Yeti, why the fuck are you always talking about shit you know nothing about??? Everyone knows you have never paddled any of those places. Relax and just boat, son. One day, if you have actually gotten out there, you may have an opinion worth posting.

The acreage of Cali does NOT have much to do with the quality...Why TF doesn't Texas have the sickest WW if its all size?
It's the geology, steady vertical rise, climate zone, precip patterns etc...


----------



## yetigonecrazy (May 23, 2005)

yeah, just because i havent paddled there doesnt mean i havent BEEN there.....
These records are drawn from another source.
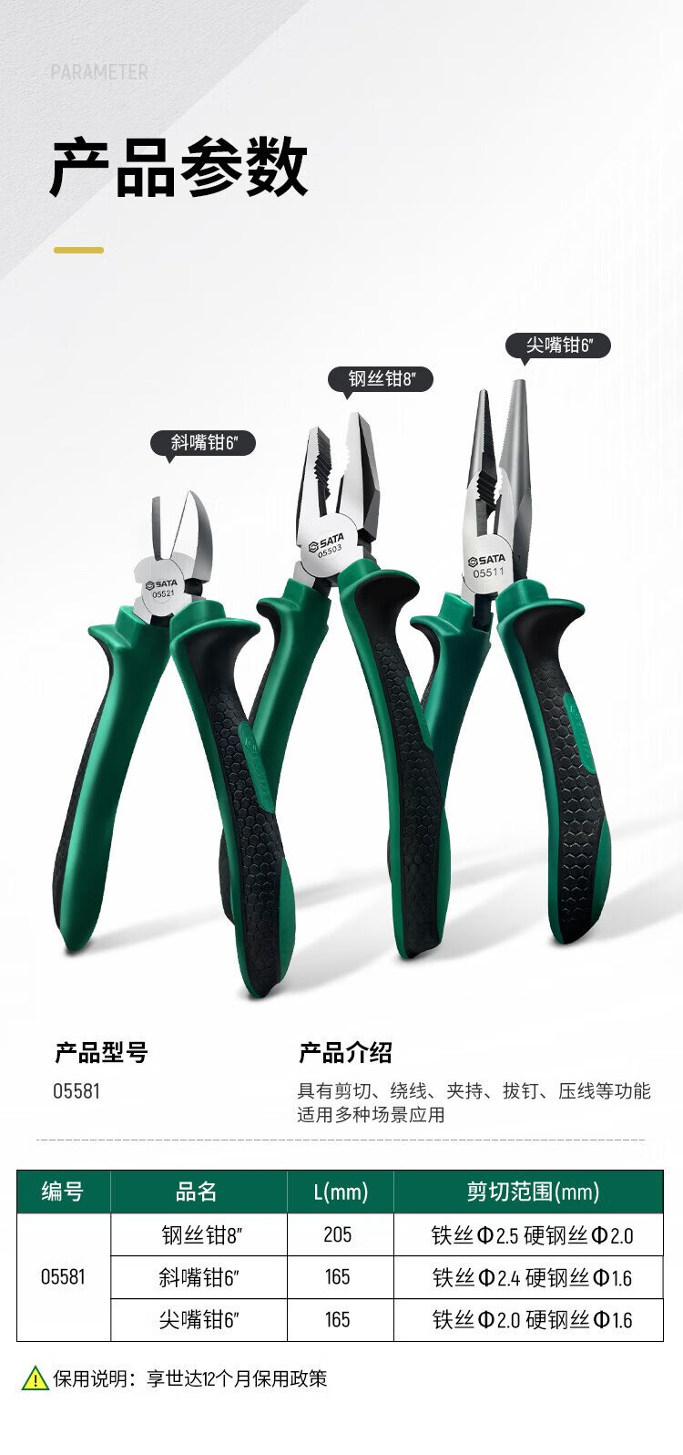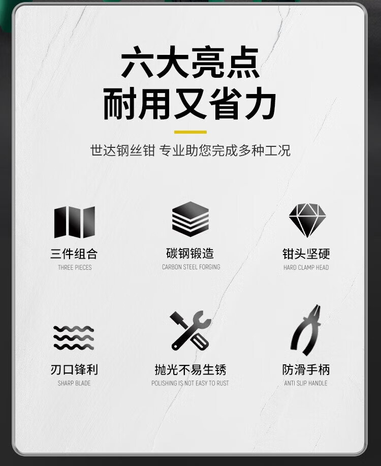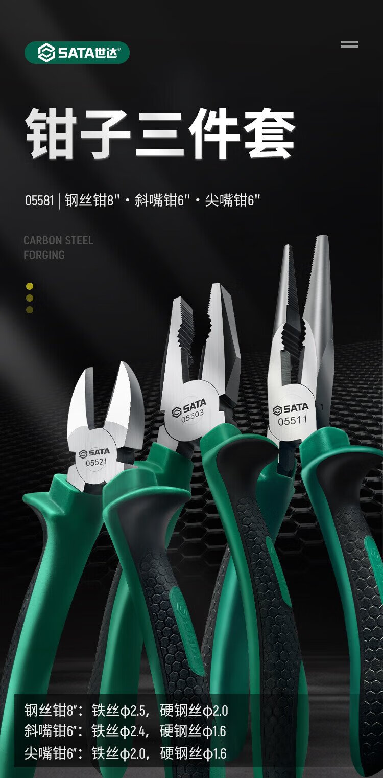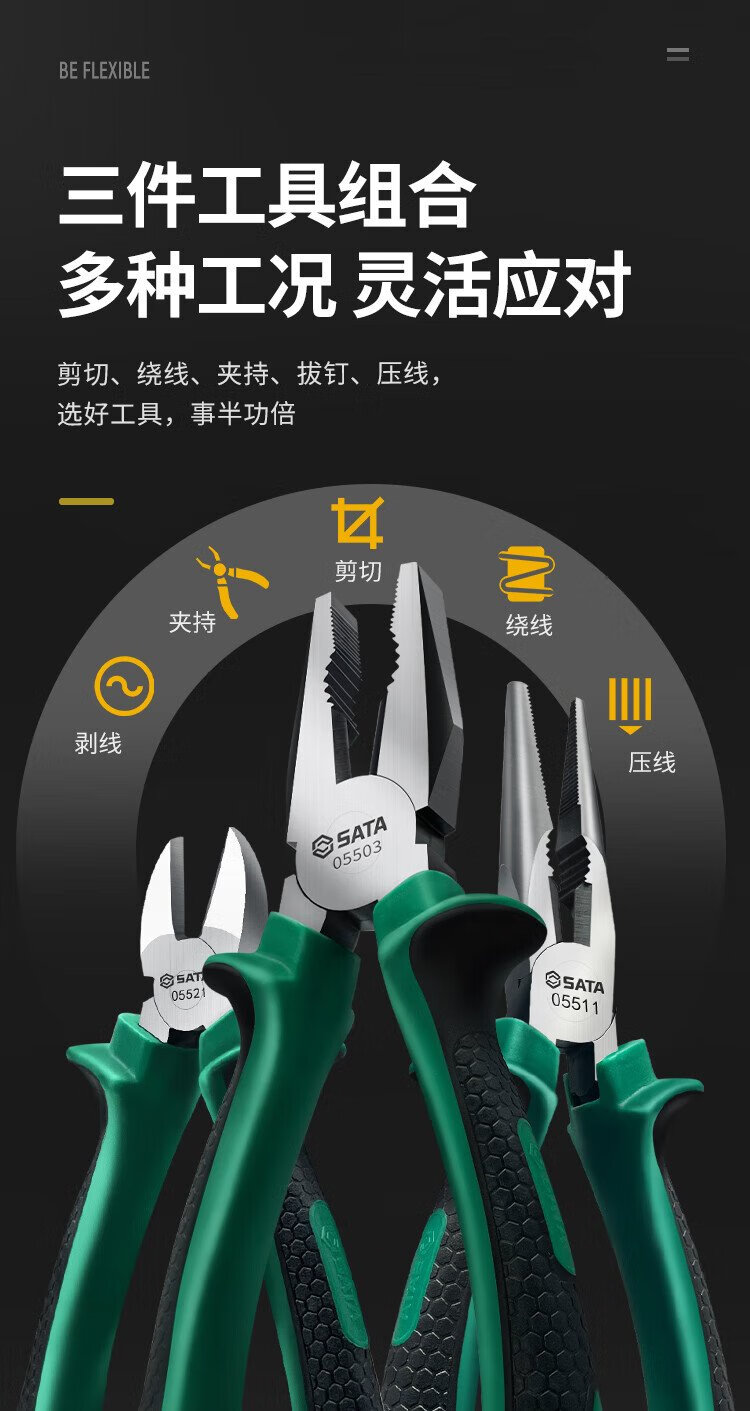 SATA pliers three-piece set tiger wire pliers needle nose pliers diagonal nose pliers labor-saving clamping electrician tool vise
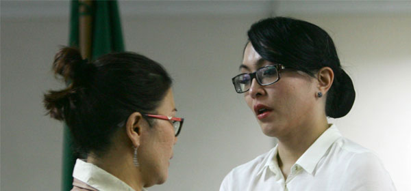 Angelina Sondakh (kanan), tTerdakwa kasus dugaan penerimaan suap anggaran proyek Kementerian Pendidikan Nasional serta Kementerian Pemuda dan Olahraga, berhadap-hadapan dengan saksi Mindo Rossa Manulang usai sidang Pengadilan Tipikor, Jalanl Rasuna Said, Jakarta Selatan, Kamis (11/10/2012). Foto: Jawa Pos
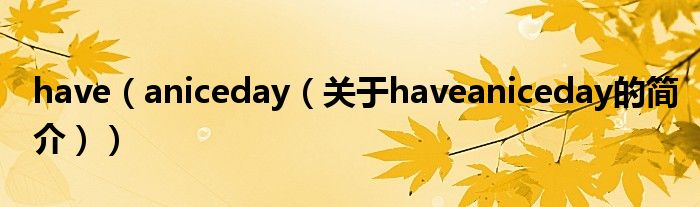 本文關于have a nice day的簡介就講解完畢,希望對大家有所幫助。
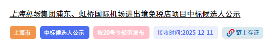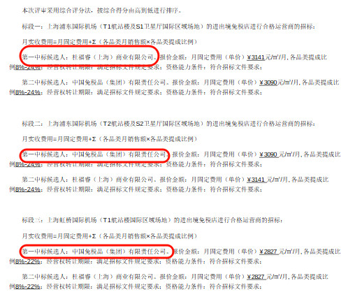 上海机场集团公示了新一轮浦东机场、虹桥机场的免税店招标结果。

just relax and quit trying to feel big and manly and one day you wont be such a wannabe kato, bro


----------



## xkayaker13 (Sep 30, 2006)

Hey, give the yeti a break. If he wasn't around then who would people rip on?


----------



## WyoPadlr1 (May 5, 2005)

Too bad you want just one state. CA, WA, OR, ID, CO, WY, MT all have their charms. But, 15 separate trips to Cali would tend to make me vote for it. Yeah, WA and OR might have longer "seasons" but CA has better weather, warmer water, and you can boat year-round in CA if you're willing to do a little driving. That, combined with so many miles of perfectly smooth Sierra granite boulders to paddle around, make it pretty tough to beat.


----------



## FrankC (Jul 8, 2008)

For a kayaker, I would have to say West Virginia beats the hell out of anything out west. Primarily because you can boat year round while in the west most everything is strictly seasonal especially the creeks. Throw in the relatively warm water, pool drop rivers and hundreds of runable creeks and you can't beat it. Possible whitewater "user day" opportunities are exponentially higher than lets say CO. I wouldn't want to live there, though.



Red West said:


> Just wondering, how does Colorado rank for whitewater compared to other states? I know there are a lot of factors to consider, but is there a site that ranks the states for whitewater access?


----------



## phlyingfish (Nov 15, 2006)

Okay here's my obligatory vote for Idaho. While there are very few creeks to speak of here in southern Idaho, we make up for it with big rivers flush with rapids. Northern Idaho offers creeking, uncrowded big rivers, and more wilderness than your state, unless you're in Alaska. Play options range from decent in the off season (Bliss Wave and the incoming WW park) to epic when the flows are up (Boise, Payette, Snake, and Salmon). Multi-days are abundant and diverse in these parts: desert canyons ranging from IV-V to II-III, the big permit runs are ultra classic, newly uncovered creek epics like Hazard Creek, or you can head into the Yellow Pine zone (shown in the upcoming LVM edition) and link up a number of runs like an overnighter all-you-can-eat buffet. Did I mention that certain runs have banks carpeted in gourmet mushrooms if you time it right?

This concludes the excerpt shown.